*** Opening of Records for this exercise ***

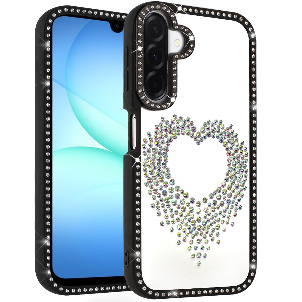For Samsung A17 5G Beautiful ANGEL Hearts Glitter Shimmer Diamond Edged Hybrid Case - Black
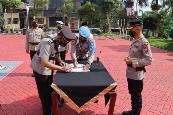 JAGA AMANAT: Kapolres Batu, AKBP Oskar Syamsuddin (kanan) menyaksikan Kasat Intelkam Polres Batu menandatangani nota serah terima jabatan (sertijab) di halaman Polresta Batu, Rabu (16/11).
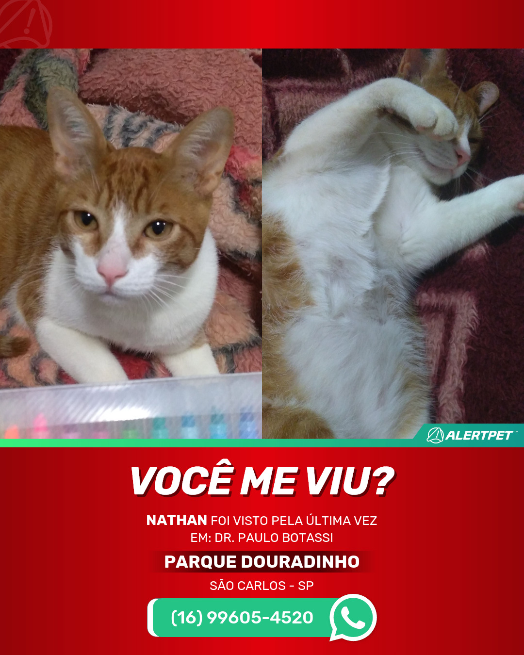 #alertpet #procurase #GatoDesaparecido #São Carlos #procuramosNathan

*** Close of Records for this exercise ***
*** Opening of Records for this exercise ***

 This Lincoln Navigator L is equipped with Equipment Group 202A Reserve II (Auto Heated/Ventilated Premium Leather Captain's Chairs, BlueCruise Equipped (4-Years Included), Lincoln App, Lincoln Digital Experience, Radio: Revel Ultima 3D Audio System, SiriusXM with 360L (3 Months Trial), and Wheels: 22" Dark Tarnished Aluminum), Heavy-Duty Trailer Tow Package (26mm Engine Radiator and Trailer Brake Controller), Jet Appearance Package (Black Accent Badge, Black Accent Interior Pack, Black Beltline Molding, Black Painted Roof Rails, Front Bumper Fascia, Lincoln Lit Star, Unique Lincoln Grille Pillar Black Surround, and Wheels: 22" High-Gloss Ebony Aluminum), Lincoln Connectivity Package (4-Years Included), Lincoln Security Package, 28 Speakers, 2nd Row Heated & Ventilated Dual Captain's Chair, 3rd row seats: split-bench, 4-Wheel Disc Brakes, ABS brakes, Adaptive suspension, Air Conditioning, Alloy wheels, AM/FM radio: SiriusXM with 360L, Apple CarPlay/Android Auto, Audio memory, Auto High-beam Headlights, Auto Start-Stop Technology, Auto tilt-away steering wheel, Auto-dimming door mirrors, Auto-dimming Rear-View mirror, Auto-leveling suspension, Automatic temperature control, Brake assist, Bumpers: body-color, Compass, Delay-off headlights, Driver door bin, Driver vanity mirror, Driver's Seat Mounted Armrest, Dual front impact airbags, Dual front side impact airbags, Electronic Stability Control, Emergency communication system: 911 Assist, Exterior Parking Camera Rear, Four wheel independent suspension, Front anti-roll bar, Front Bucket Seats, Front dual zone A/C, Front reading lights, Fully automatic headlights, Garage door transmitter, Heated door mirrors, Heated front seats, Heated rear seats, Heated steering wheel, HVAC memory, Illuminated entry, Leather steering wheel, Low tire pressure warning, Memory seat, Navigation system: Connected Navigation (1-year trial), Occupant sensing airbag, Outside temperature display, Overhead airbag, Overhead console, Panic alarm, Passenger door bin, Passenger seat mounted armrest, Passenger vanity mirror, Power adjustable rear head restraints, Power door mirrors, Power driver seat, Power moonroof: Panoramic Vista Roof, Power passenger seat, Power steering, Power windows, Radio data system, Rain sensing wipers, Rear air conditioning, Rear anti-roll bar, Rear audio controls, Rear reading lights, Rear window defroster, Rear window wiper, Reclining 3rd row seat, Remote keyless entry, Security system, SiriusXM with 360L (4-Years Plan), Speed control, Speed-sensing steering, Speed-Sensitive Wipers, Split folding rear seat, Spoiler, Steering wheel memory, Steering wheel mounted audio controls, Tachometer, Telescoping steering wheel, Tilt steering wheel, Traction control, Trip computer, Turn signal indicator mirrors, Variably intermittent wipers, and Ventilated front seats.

*** Close of Records for this exercise ***

The reply should hold exactly the lines above, starting at the line with "For Samsung A17" and ending at the line with "#alertpet #procurase #GatoDesaparecido", and no pictures.

__Response below__.
For Samsung A17 5G Beautiful ANGEL Hearts Glitter Shimmer Diamond Edged Hybrid Case - Black
 JAGA AMANAT: Kapolres Batu, AKBP Oskar Syamsuddin (kanan) menyaksikan Kasat Intelkam Polres Batu menandatangani nota serah terima jabatan (sertijab) di halaman Polresta Batu, Rabu (16/11).
 #alertpet #procurase #GatoDesaparecido #São Carlos #procuramosNathan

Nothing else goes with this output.